In it you’ll see examples that typify writing we see in business and everyday life, then After versions that demonstrate the value plain language adds. You’ll also get a few tips to help you design your information more clearly for readers.

Take a look, share it … use it however works to help people learn the value of plain language. Just make sure you use it as-is and say from whom and where you got it. (Yes, even we plain language people have disclaimers!)

And while you’re there, check out how much other impressive work is afoot to support clear communication around the world.
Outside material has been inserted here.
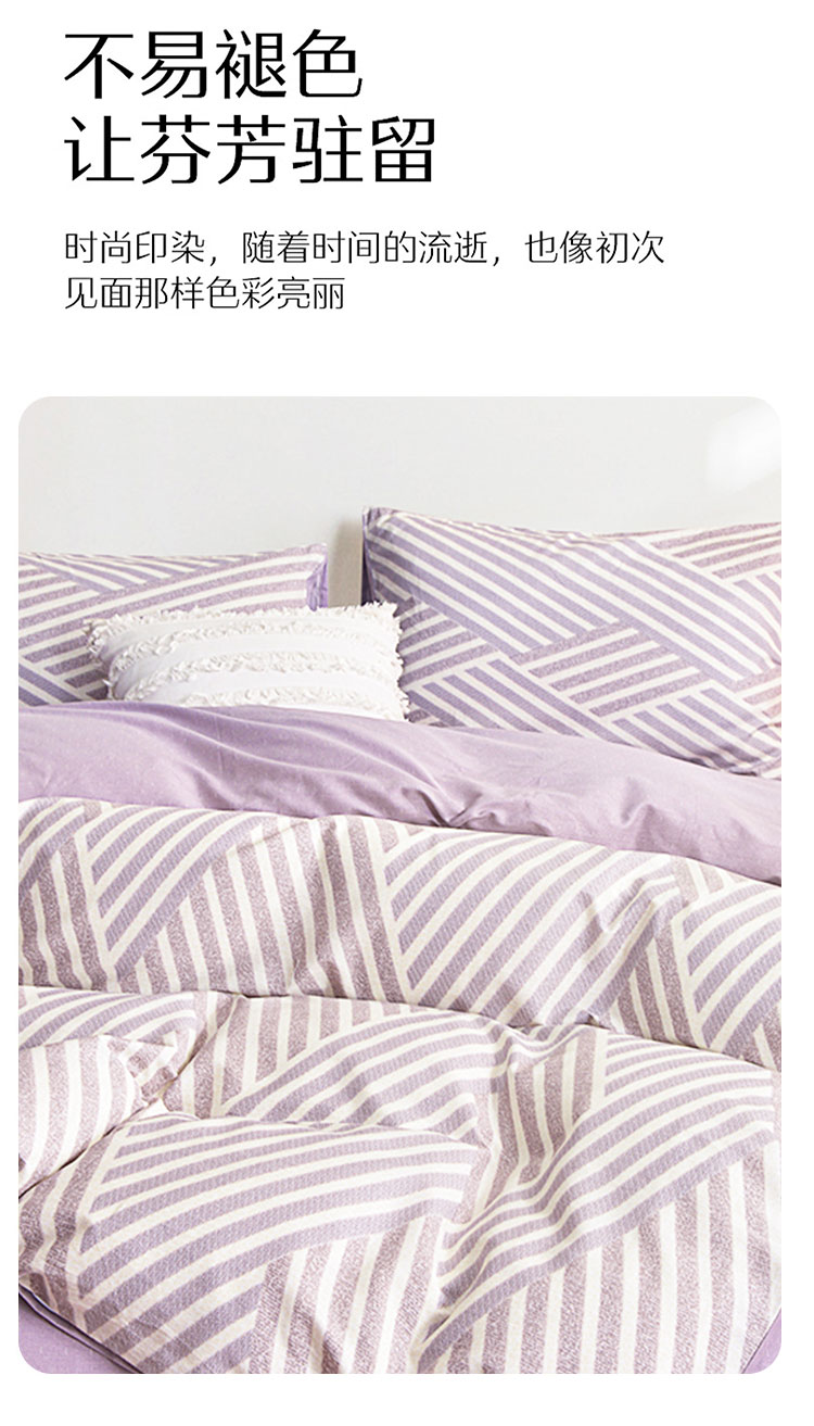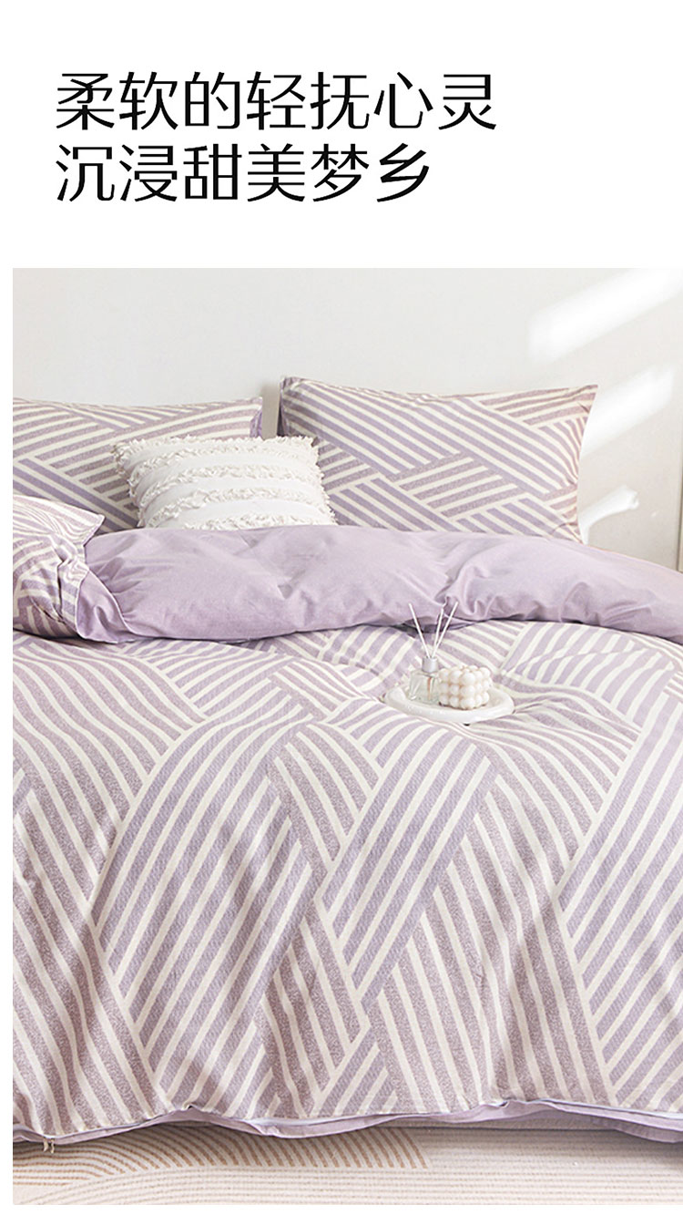 100%全棉四件套, 咖灰几何条纹交织出简约现代感。全棉面料透气亲肤,裹住肌肤的每一刻都满是自然柔润;低饱和配色+利落线条,适配极简、侘寂等家居风格,铺床即造高级氛围感,用纯棉的温柔与设计感,为睡眠注入松弛格调 。

Most of what you’ll find there was created recently – so you know it represents the the ‘latest and greatest’ on what plain language is, why it works, and who’s embracing it to improve their communications.

Are your sentences too loaded? Try stripping your nouns!

A good chunk of my business over the past seven years has been with financial services organizations. As expected, in a highly regulated environment, people often tend toward a highly formal style of writing.

And it makes sense that people will believe that they need to use a more formal tone to align with the culture of the organization. Even when employees receive a lot of info and training to help them adopt a clearer, fresher tone as part of re-branding, it still takes awhile for the new behaviours – including using clear language – to fully sink in.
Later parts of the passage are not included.